Больше мне нечего тебе сказать, ты ведь взрослый.
Твой дядя
Ибраима Дьенг».
– Адрес какой? – спросил писец после того, как перечитал письмо Дьенгу и заклеил конверт.
Дьенг стал рыться в карманах.
– Наверно, оставил дома.
– Ну ничего, держи. Попросишь кого-нибудь написать адрес.
На улицу Дьенг вышел в прекрасном настроении и, проявив щедрость, подал десять франков старику прокаженному.
Дома он великодушно простил Мети оскорбительные выражения, которыми она осыпала такого старого человека, как Баиди.

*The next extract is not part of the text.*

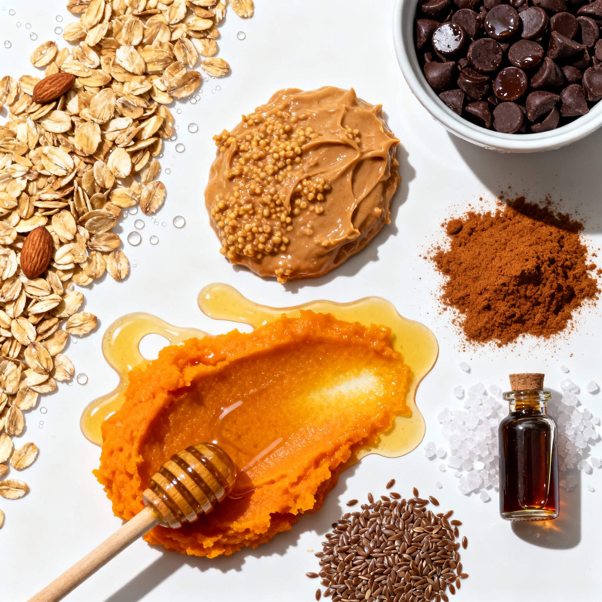 To start, gather all your ingredients. You need rolled oats, almond butter, pumpkin puree, honey, ground flaxseed, pumpkin spice, vanilla extract, and mini chocolate chips if you want. In a large bowl, mix the rolled oats, almond butter, pumpkin puree, and honey or maple syrup. Stir until everything blends well. This step is key for a tasty base.

– Я ведь понимаю, тут была затронута честь нашей семьи, и к тому же на людях…
Потом он отправился в мечеть. И там, при свидетелях, извинился перед Баиди, хотя тот уверял, что совсем не сердится.
– Я хочу все-таки быть спокойным, что ты меня простил! Что и семью мою простил, – повторял Дьенг, умиляясь собственным великодушием.
– Говорю же тебе, не сержусь.
– Альхамду лилла! Да простит нас аллах, а я тебе тоже прощаю.
– Аминь! Аминь!.. – говорили присутствующие. Истинные мусульмане всегда должны так поступать: не давать себе возгордиться, прощать ближнему. Да поддержит нас аллах на этом пути. Однако Горги Маису многоречивость приятеля казалась подозрительной, и, стоя в стороне, он недоверчиво поглядывал на Дьенга.
С молитвы они возвращались вместе, но на все вопросы Дьенг отвечал уклончиво. Поэтому поздно вечером Маиса прокрался к его дому: кто знает, может, он все-таки получил деньги и ночью будет таскать к себе мешки с рисом. Он просидел напрасно у дома Дьенга несколько долгих томительных часов.
На другой день, не находя себе места от радостного ожидания, Дьенг обошел все дома на своей улице как человек, который ищет поддержки у ближнего. В каждом доме с ним сочувственно поговорили о его несчастье и постарались подбодрить. А он всем повторял:
– Было бы только чем прокормить семью. Когда все будут сыты, в сердцах воцарится мир.
Сунув руку в карман, он каждый раз нащупывал там письмо к Абду. Конверт уже смялся, и он думал: «Ничего, Мбайе даст мне другой».
Вернувшись домой, он позвал Мети:
– Не видела письма Абду?
– Я – нет… Спроси у Арам.
– Я тоже не видела. Поищи в своих бумагах.
– В этом доме ничего нельзя найти. Я же помню, что положил его здесь… – ворчал Дьенг на своих домочадцев, но быстро нашел письмо в одном из карманов.
После молитвы он отправился к Мбайе.
– Здравствуйте, дядюшка, – встретила его Тереза. – А вашего приятеля нет дома.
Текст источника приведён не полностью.